Another challenge is the aging of the supercapacitors during the charge–discharge process. Platek et al.[25] investigated the aging mechanism of KI redox electrolyte and discovered that the test method, galvanostatic cycling, and potentiostatic floating could influence the aging process in different perspectives. The float test triggered the redox-based side reactions, while the cycle test changed the structure of the carbon electrode to accelerate the aging process. Besides, some other special challenge should be considered for a special redox additive such as a collector corrosive issue of the bromine-based redox additive.
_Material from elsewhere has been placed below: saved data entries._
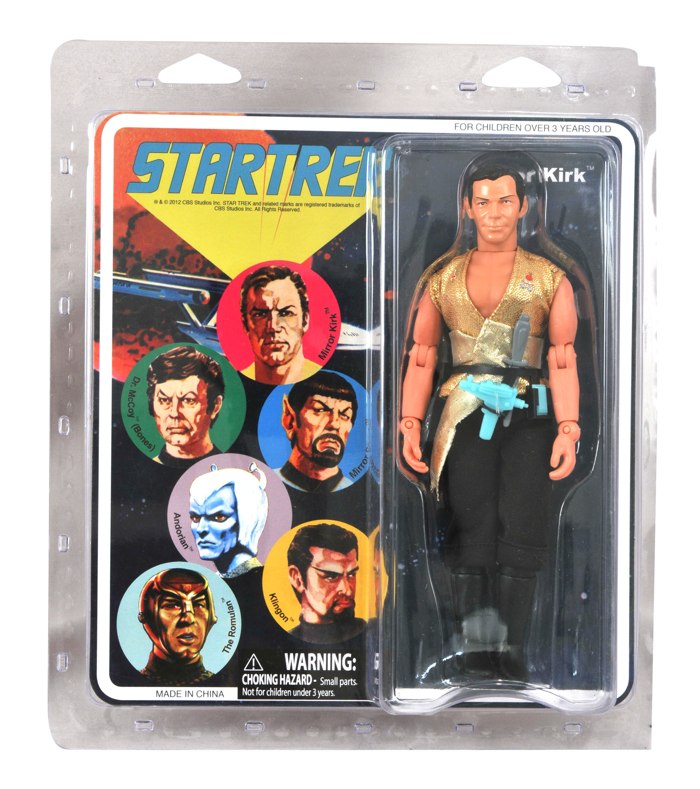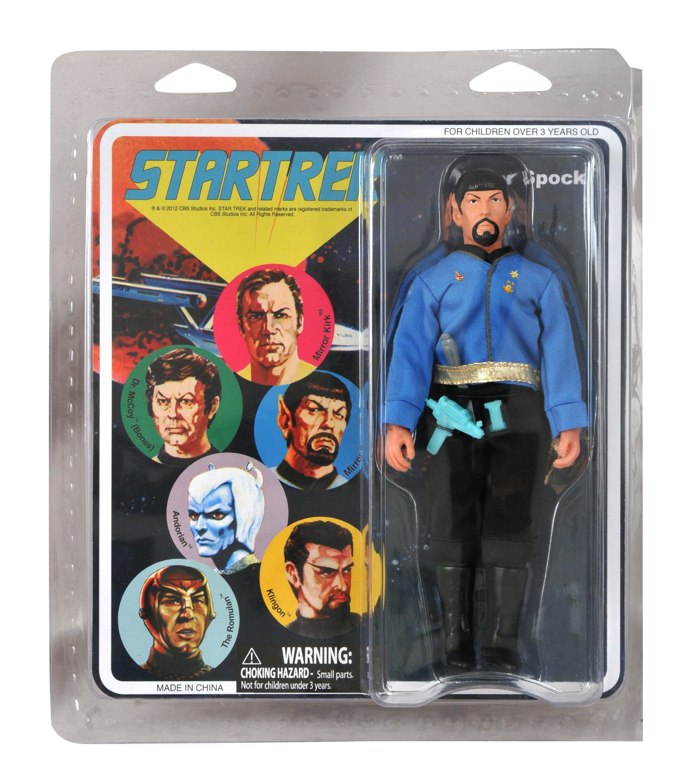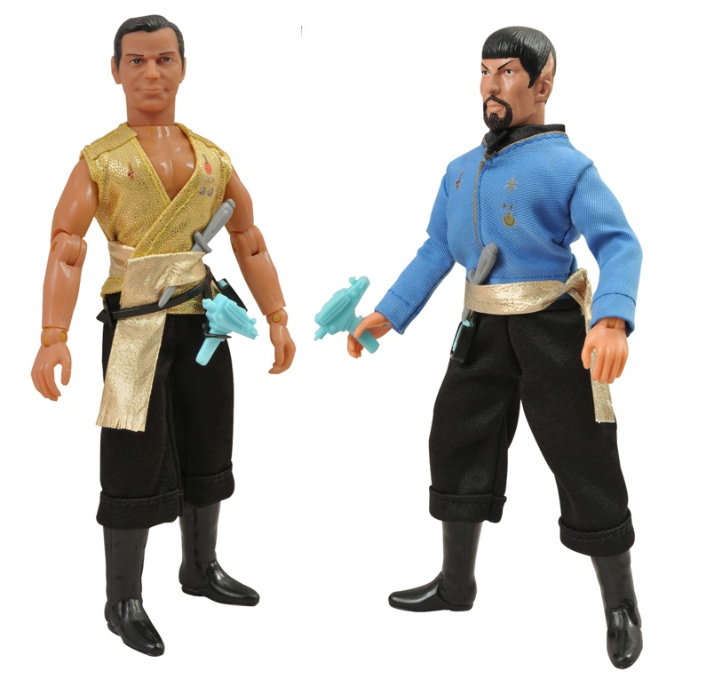 DST's line of classically styled 8" figures returns to Star Trek: The Original Series. This assortment depicts Kirk and Spock in their mirror-universe looks from the classic episode "Mirror, Mirror." Both feature real cloth costumes in the retro 1970s style, as well as episode-specific accessories and facial hair! Designed and Sculpted by EMCE Toys.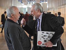 Председатель комитета Государственной думы России по культуре Станислав Говорухин (слева) и художник Александр Шилов (справа) во время встречи председателя правительства России Владимира Путина с представителями Общероссийского народного фронта (ОНФ), региональных штабов, журналистами и политологами.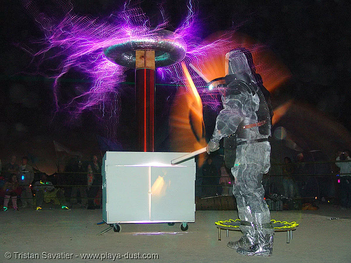 Tesla Coil Project / tesla coil, project CEREBRO, burning man 2005 : Tesla coils are very fascinating, because you can easily create lightnings with it.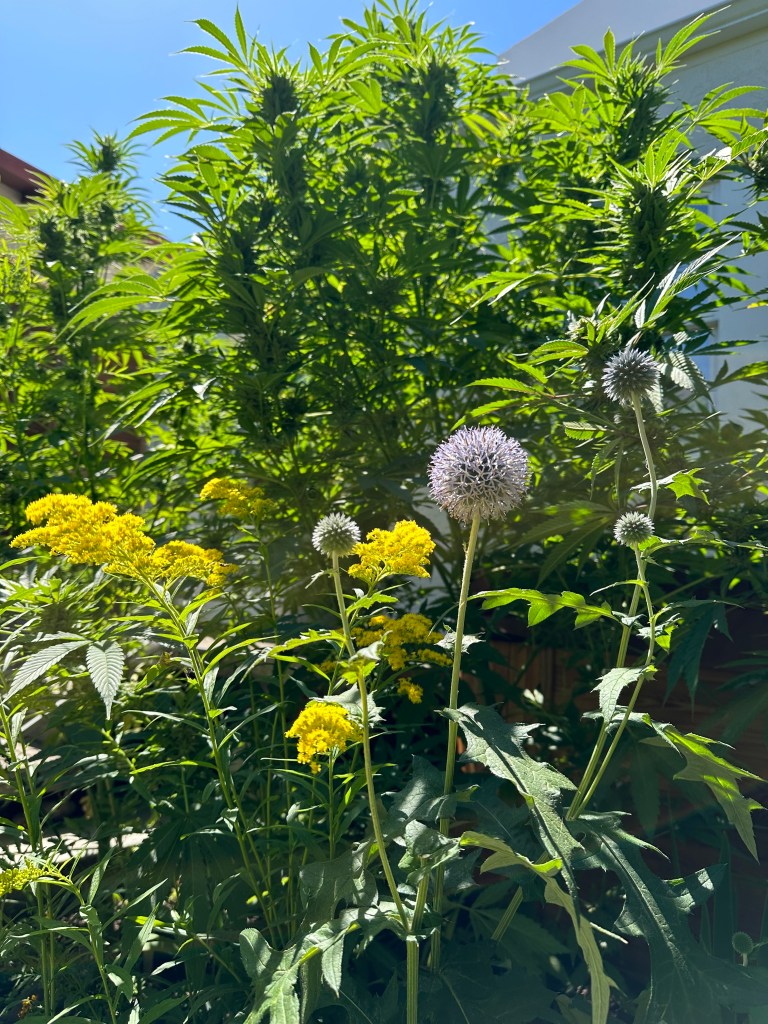 2024 has been a rich and rewarding season of growth both for me and my garden. My five stately cannabis plants are nearing ripeness, and have overtaken about 1/4 of the space in my small garden. The air is heady with weedy fragrance — all those terps! This past year I’ve had the honor of teaching hundreds of every day folks how to grow cannabis in their own gardens, outside, in the bright sunshine, happily in community with all sorts of other herbs, shrubs, bulbs, trees. Cannabis loves growing in community, and so do I.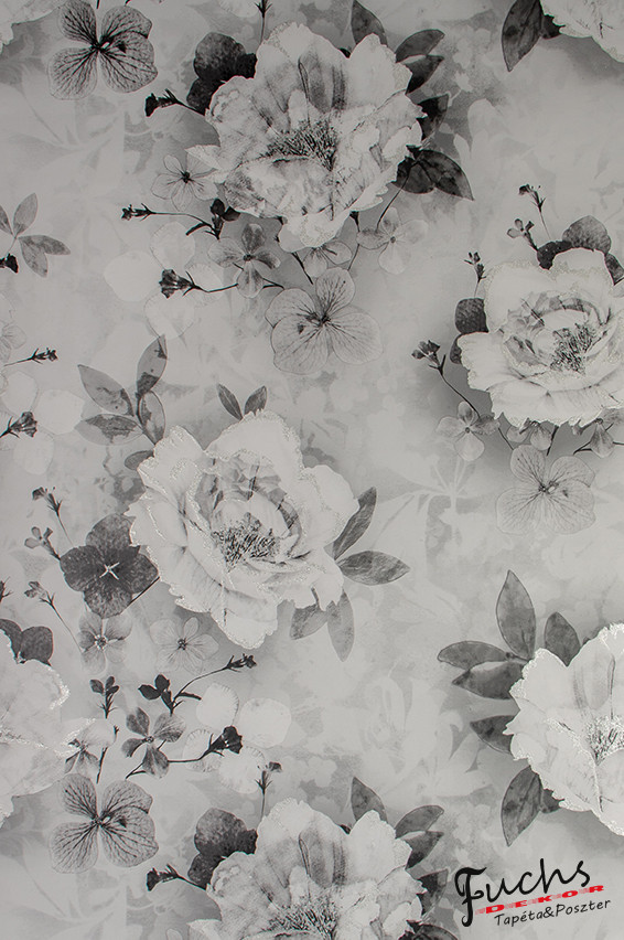 Papír tapéta Alapanyaga: papírtapéta Felülete: papír Mérete: 10,05m hosszú, 53cm széles /5,3m2/ Rapport (illesztés): 64 cm Szine:fehér,fekete,szürke minta,ezüst kontur Minőség I.o. Klasszikus papírtapéta. Ragasztóval a tapétát kell bekenni.

Last but not least, some perspectives will be suggested. First, most of the redox additives are just tested by coupling with EDLC electrodes at the present. To further increase the energy density of the device, pseudocapacitive or battery-type electrodes should be a better choice. Second, although the aqueous electrolyte possesses higher ion conductivity than an organic or solid-state electrolyte, the narrow water-splitting window of 1.23 V will greatly hinder the improvement of energy density. Therefore, designing a redox additive that can extend the water-splitting window is of great importance. Third, from an environmental perspective, seeking for an environmentally friendly and low-cost redox additive will also show a huge development prospect. Fourth, for practical application, the redox additive with some special functions such as low- and high-temperature tolerance properties should be of particular concern.